今回のテーマは、「所得税の損益通算の順序」である。
それでは、「ファイナンシャル・プランニング技能検定 1級 学科試験<基礎編>(2024年1月28日実施)」で出題された過去問にチャレンジしてみよう。
ファイナンシャル・プランニング技能検定 1級 学科試験<基礎編>(2024年1月28日実施)《問27》
《問27》 所得税の損益通算に関する次の記述のうち、最も適切なものはどれか。
1) 不動産所得の金額の計算上生じた損失の金額は、給与所得の金額と一時所得の金額がある場合、最初に一時所得の金額から控除する。
2) 総合課税の対象となる譲渡所得の金額の計算上生じた損失の金額は、事業所得の金額と一時所得の金額がある場合、最初に一時所得の金額から控除する。
3) 一時所得の金額の計算上生じた損失の金額は、不動産所得の金額と総合課税の対象となる譲渡所得の金額がある場合、最初に譲渡所得の金額から控除する。
4) 山林所得の金額の計算上生じた損失の金額は、給与所得の金額と退職所得の金額がある場合、最初に退職所得の金額から控除する。
一般社団法人金融財政事情研究会 ファイナンシャル・プランニング技能検定 1級 学科試験<基礎編>(2024年1月28日実施)
正解:2
それでは、問題を検討していこう。
なお、問題は、特に指示のない限り、2023年10月1日現在施行の法令等に基づいて出願されているが、正解及び解説は、執筆時点の法令等に基づいて執筆する。
総所得金額、退職所得金額又は山林所得金額を計算する場合において、不動産所得の金額、事業所得の金額、山林所得の金額又は譲渡所得の金額の計算上生じた損失の金額があるときは、政令で定める順序により、これを他の各種所得の金額から控除する。(所得税法69条)
・利子、配当、不動産、事業、給与及び雑の各所得の金額(経常所得の金額→経常所得グループ)

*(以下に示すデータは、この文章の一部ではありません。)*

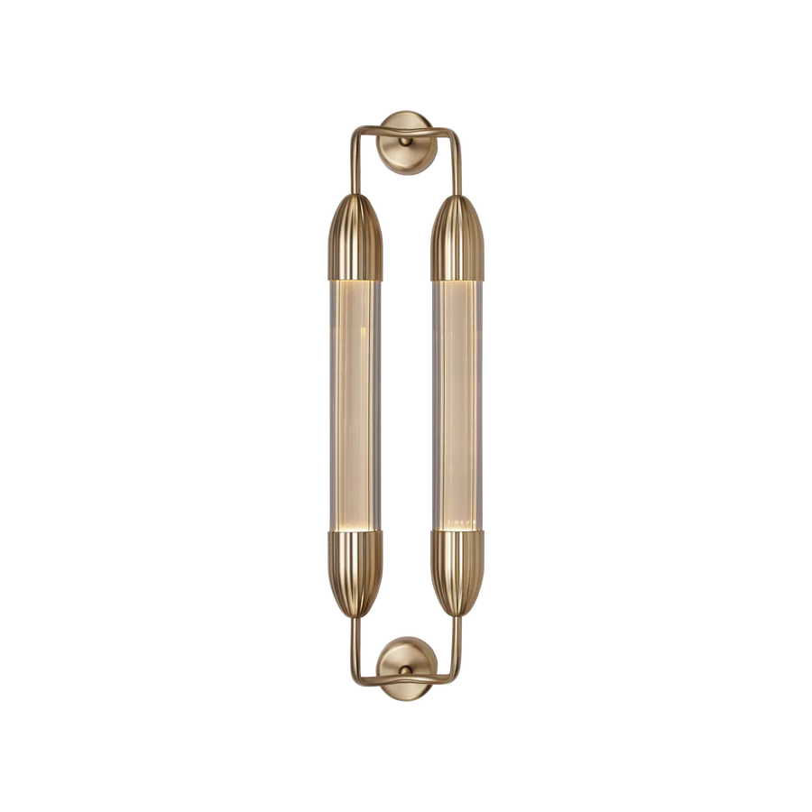 Den slanke konstruktion og den blanke messingfinish tilfører et eksklusivt præg til væggen – perfekt som dekorativ belysning i stue, entre eller soveværelse. Lyset reflekteres smukt i overfladen og giver et varmt og indbydende skær, der fremhæver messingens naturlige glød.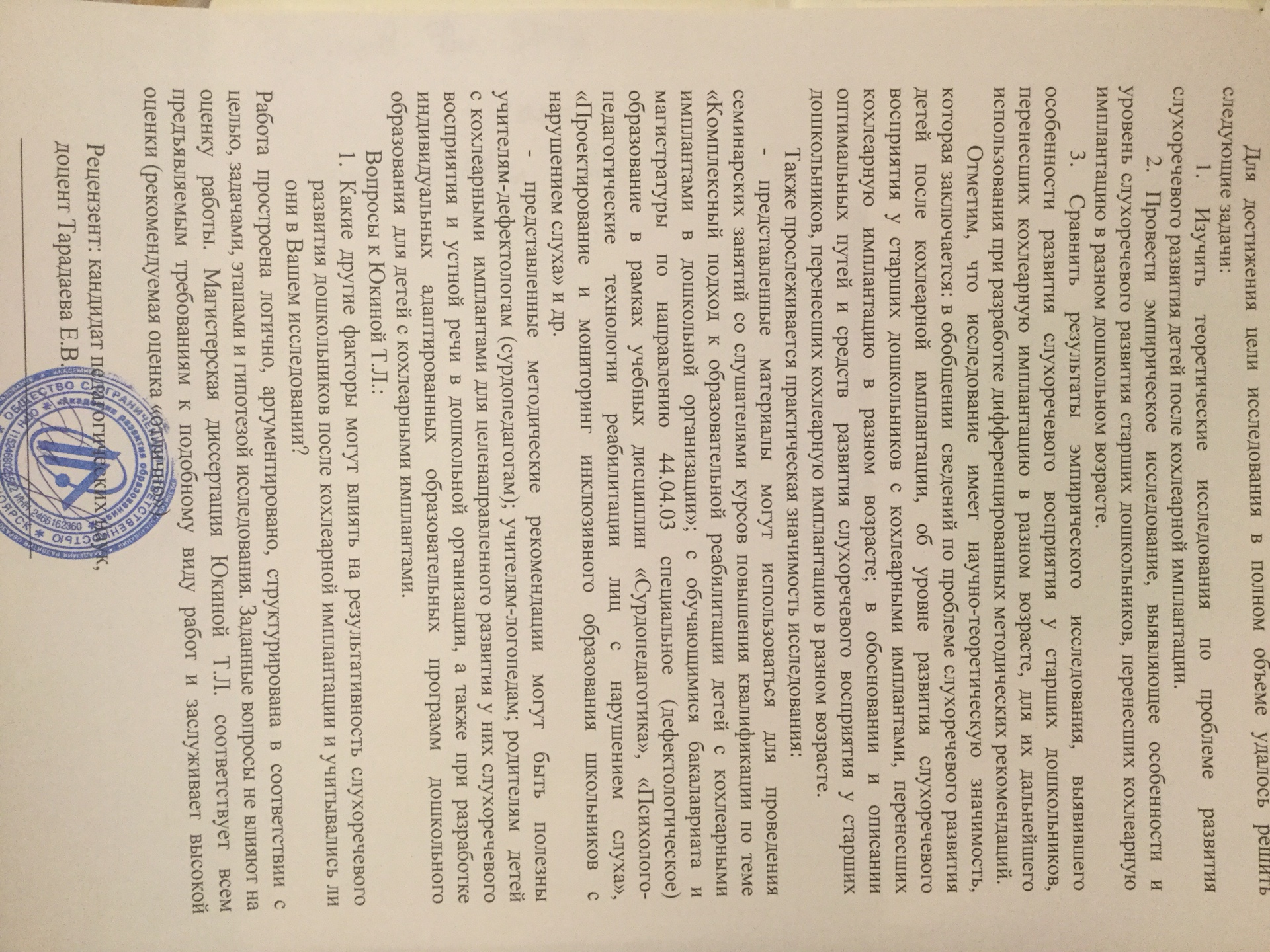 Сравнительное изучение особенностей слухоречевого развития старших дошкольников, перенесших кохлеарную имплантацию в разном возрасте

・譲渡所得の金額及び一時所得の金額(臨時所得グループ)
→損失は、まず同じグループ内で控除する。
1 誤り。
不動産所得の金額又は事業所得の金額の計算上生じた損失の金額があるときは、これをまず他の利子所得の金額、配当所得の金額、不動産所得の金額、事業所得の金額、給与所得の金額及び雑所得の金額(経常所得の金額)から控除する。(所得税法施行令198条1項1号)
2 正しい。
譲渡所得の金額の計算上生じた損失の金額があるときは、これをまず一時所得の金額から控除する。
(所得税法施行令198条1項2号)
3 誤り。
一時所得の損失は、損益通算できない。
損失があっても損益通算できない所得(以下の所得がマイナスであっても、損益通算できない)
・配当所得 ・一時所得 ・雑所得
4 誤り。
山林所得の金額の計算上生じた損失の金額があるときは、これをまず経常所得の金額から控除し、なお控除しきれない損失の金額があるときは、譲渡所得の金額及び一時所得の金額から順次控除し、なお控除しきれない損失の金額があるときは、退職所得の金額から控除する。(所得税法施行令198条1項6号)
したがって、最初に退職所得の金額から控除するのではない。
(解法のポイント)損益通算の順序は頻出論点である。しっかりと復習しておこう。